DIRECTIONS FOR THIS TASK:
An exact copy of all the data, minus the images, is required.
====== SOURCE MATERIAL ======
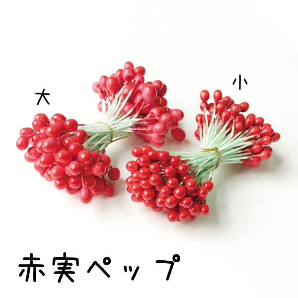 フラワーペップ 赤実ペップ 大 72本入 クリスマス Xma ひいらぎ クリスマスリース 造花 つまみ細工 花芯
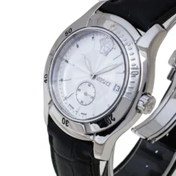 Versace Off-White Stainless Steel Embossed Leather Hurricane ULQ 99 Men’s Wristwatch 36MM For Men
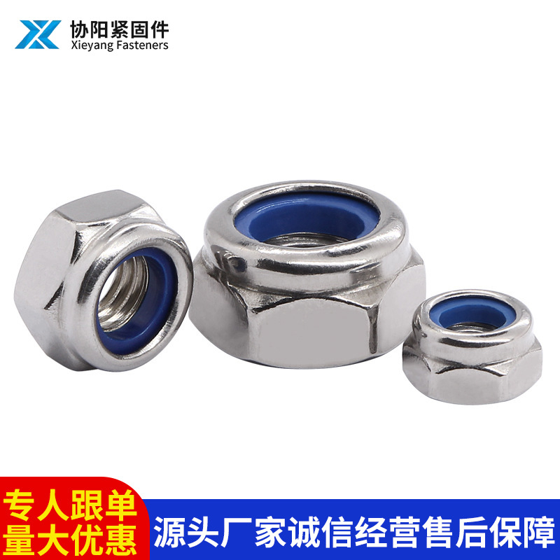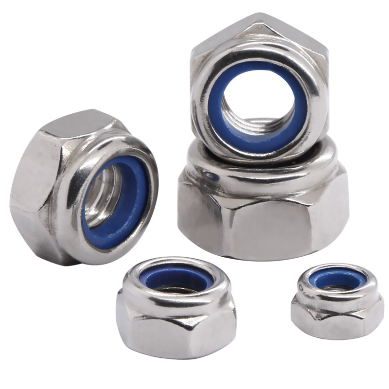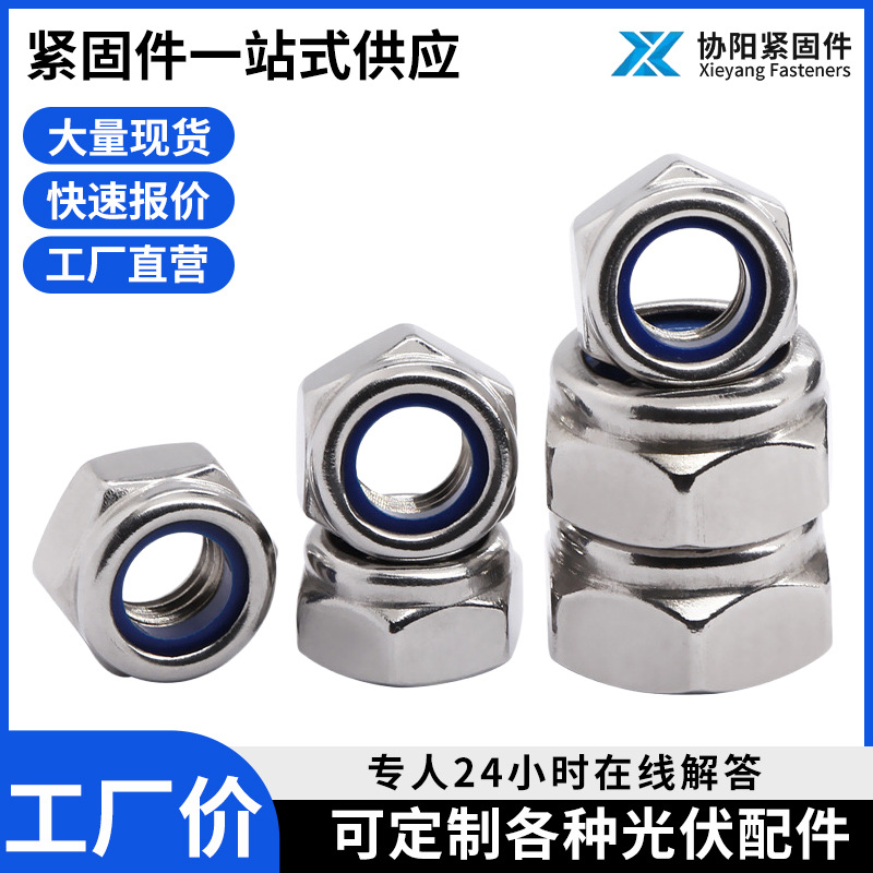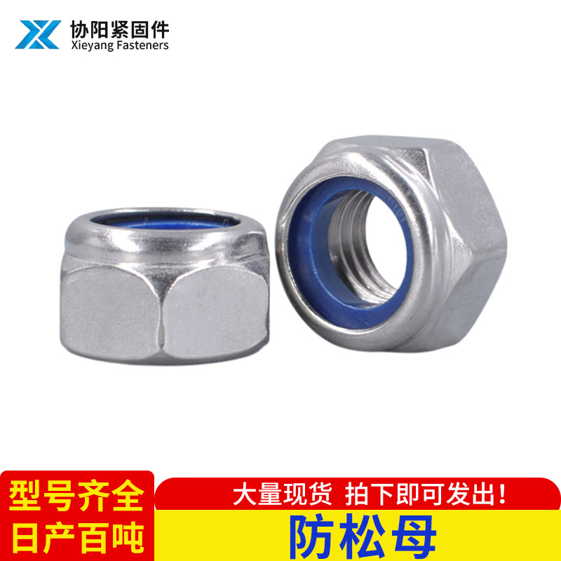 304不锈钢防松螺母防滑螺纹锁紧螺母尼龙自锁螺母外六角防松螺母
======
YOUR SOLUTION:
 フラワーペップ 赤実ペップ 大 72本入 クリスマス Xma ひいらぎ クリスマスリース 造花 つまみ細工 花芯
 Versace Off-White Stainless Steel Embossed Leather Hurricane ULQ 99 Men’s Wristwatch 36MM For Men
 304不锈钢防松螺母防滑螺纹锁紧螺母尼龙自锁螺母外六角防松螺母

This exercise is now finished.